Of course habitable for life and habitable for human life are two completely different things.  While we may find the planet teeming with alien biology, the likelihood of it actually sustaining humans who landed on the surface may be a little more difficult.  Humans require an oxygen rich atmosphere in order to survive, and the planet Gliese 581d would have a carbon dioxide rich atmosphere.  But water would not be a problem - as scientists concluded the planet would likely have a water rich environment on the surface.  And as they conducted climate simulations of the surface, all facts point to a likely stable atmosphere complete with rain and other weather phenomena.

But there would be problems as well.  An atmosphere rich in carbon dioxide would make inhabiting Gliese 581d difficult without some form of weather modification.  Still, plants or algae used to carbon dioxide rich environments would find the planet quite sustainable if they could grow in conditions where the planet's gravity was equivalent to twice that of Earth's gravity.  Experiments to test this could begin in theory fairly soon however, if a space based platform were made to rotate quickly and give off a comparable G force equivalent to twice Earth's gravity while different plant species were tested.  But whether humans would be able to survive in this environment may be a different matter altogether.

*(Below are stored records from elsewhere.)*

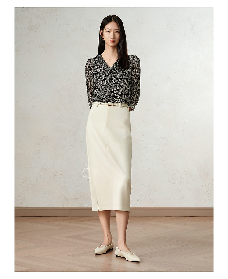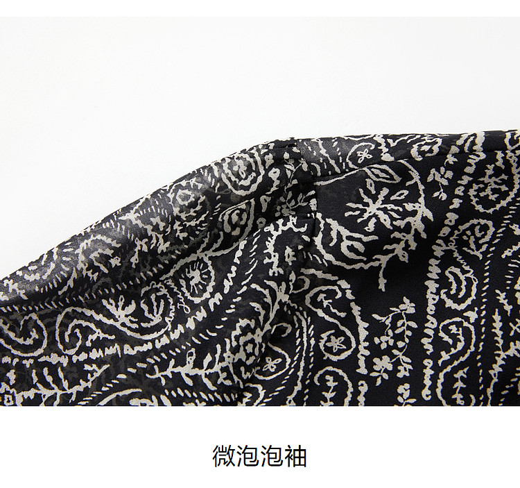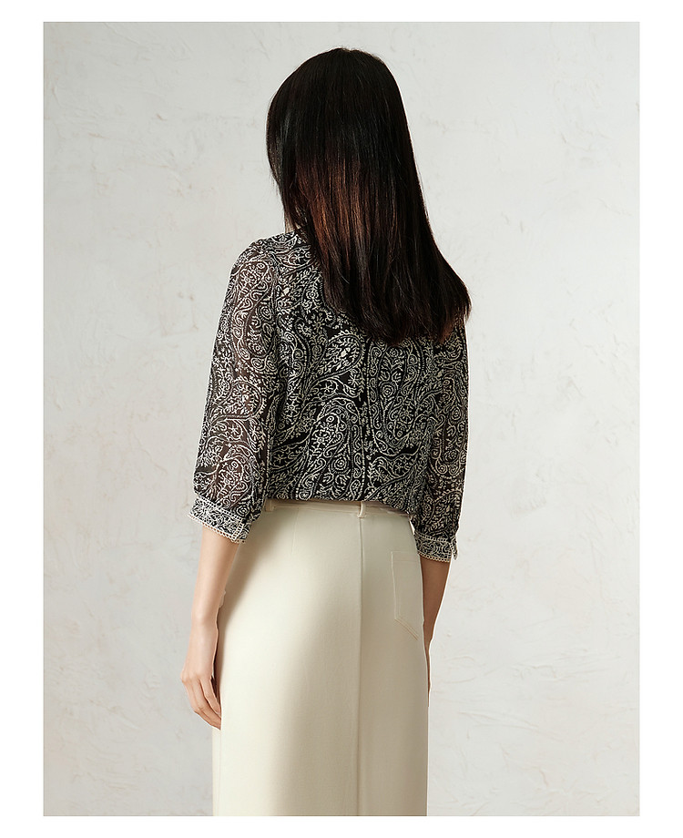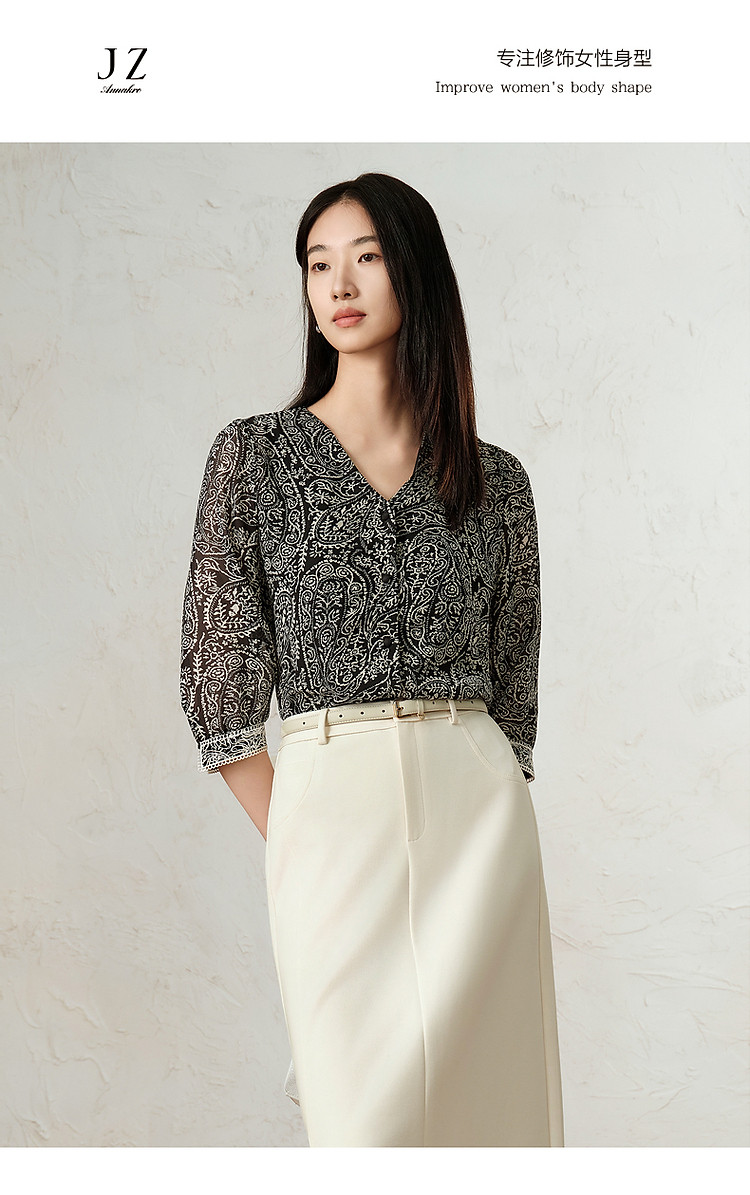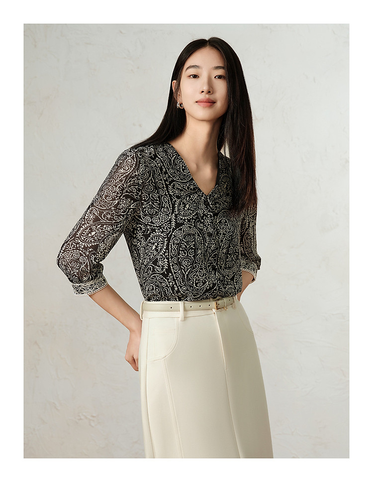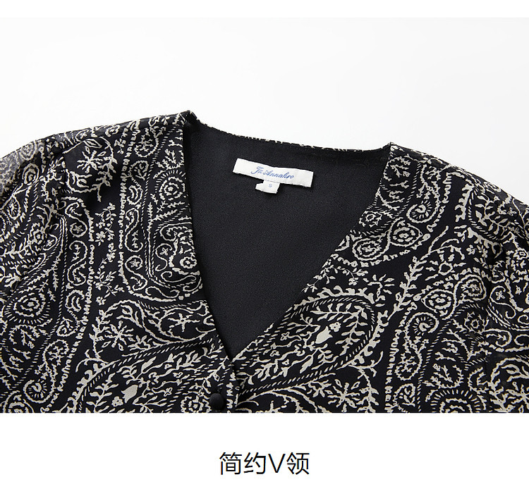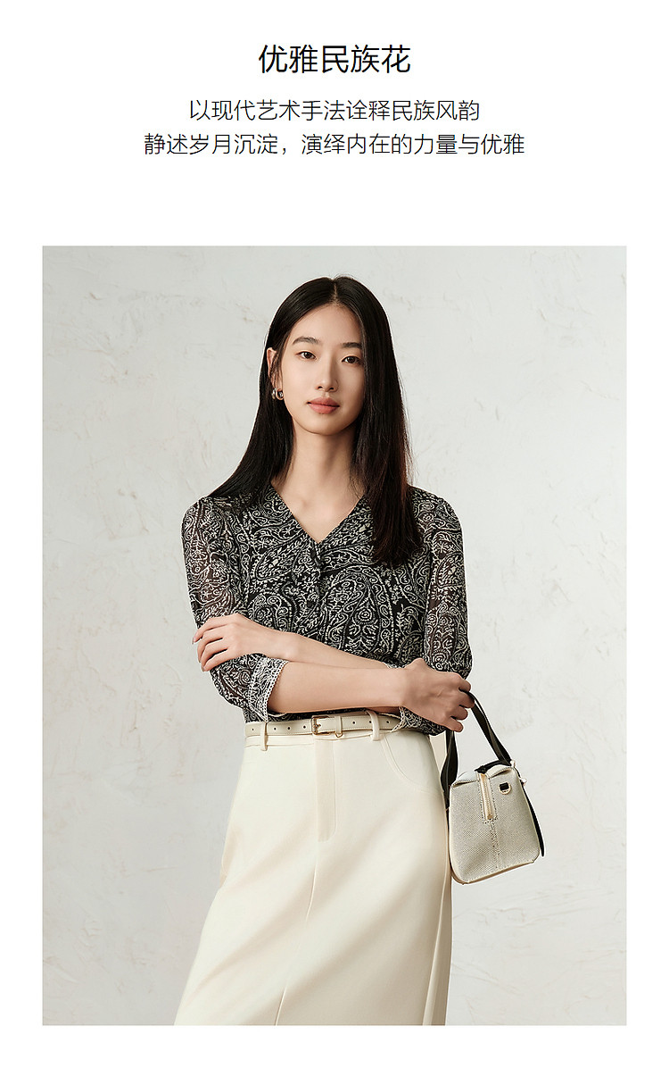 旗下安娜蔻系列佩斯利优雅民族风刺绣印花V领宽松衬衫女夏季 019148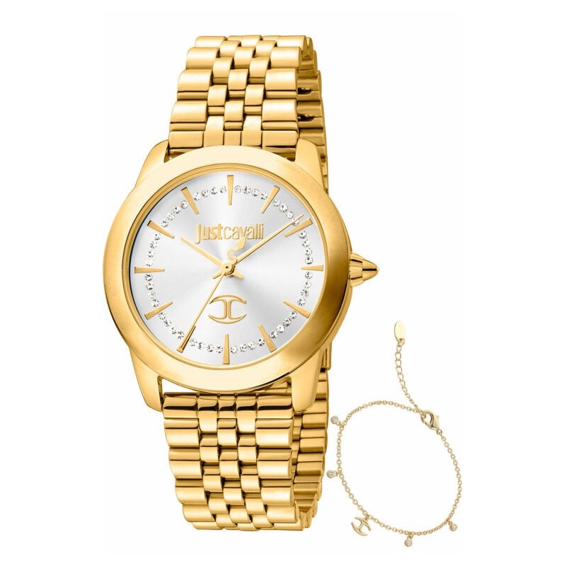 Just Cavalli Damenarmbanduhr aus der Kollektion Set emozioni mit CITIZEN GL34 Quarzwerk und reiner Zeitanzeige. Rundes, goldfarbenes Edelstahlgehäuse, 34 mm Durchmesser und 7 mm Dicke. Silbernes Zifferblatt mit analoger Anzeige, verziert mit Kristallen und goldfarbenen Strichindizes, horizontalem Logo oben, kratzfestem Mineralglas. Edelstahlarmband mit goldfarbener IP-Beschichtung und Druckknopf-Faltschließe. Wasserdicht bis 5 ATM: spritzwassergeschützt, aber nicht druckfest.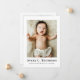 Compartilhe sua alegria com este atemporal anúncio de nascimento minimalista, cartão de agradecimento de recém-nascido. Apresentando uma foto completa na frente com estatísticas de nascimento limpas e uma mensagem sincera no verso, é o presente perfeito para amigos e familiares. Ideal para pais modernos que amam design simples e elegante e papelaria significativa. Totalmente personalizável para fotos, nomes, datas e sua mensagem pessoal.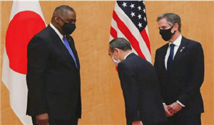 日本首相菅义伟含胸哈腰向美防长奥斯汀深深鞠下了近乎于完美的一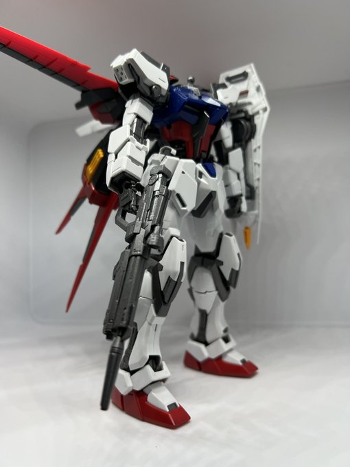 1/100 MG エールストライクガンダム Ver.RM 完成! 少し落ち着いた調色で塗装してみました。自己満ですがカッコよく出来たと思います😌 . . #ガンプラ好きな人と繋がりたい #ガンプラの画像を貼るとRTされると聞いて #ガンダムSEED . .

Are we looking at the dawn of a new age in space travel where a distant planet may become home to millions on Earth?  Will Gliese become the first sustainable planet to allow colonists to one day live?  Gliese is promising, but whether or not it will actually host life, as we know it or an exciting new form will have to be determined by scientists as they continue to scrutinize this exciting new planet.  And in the mean time it seems the human race's search for life outside of the boundaries of our solar system may be approaching a promising conclusion.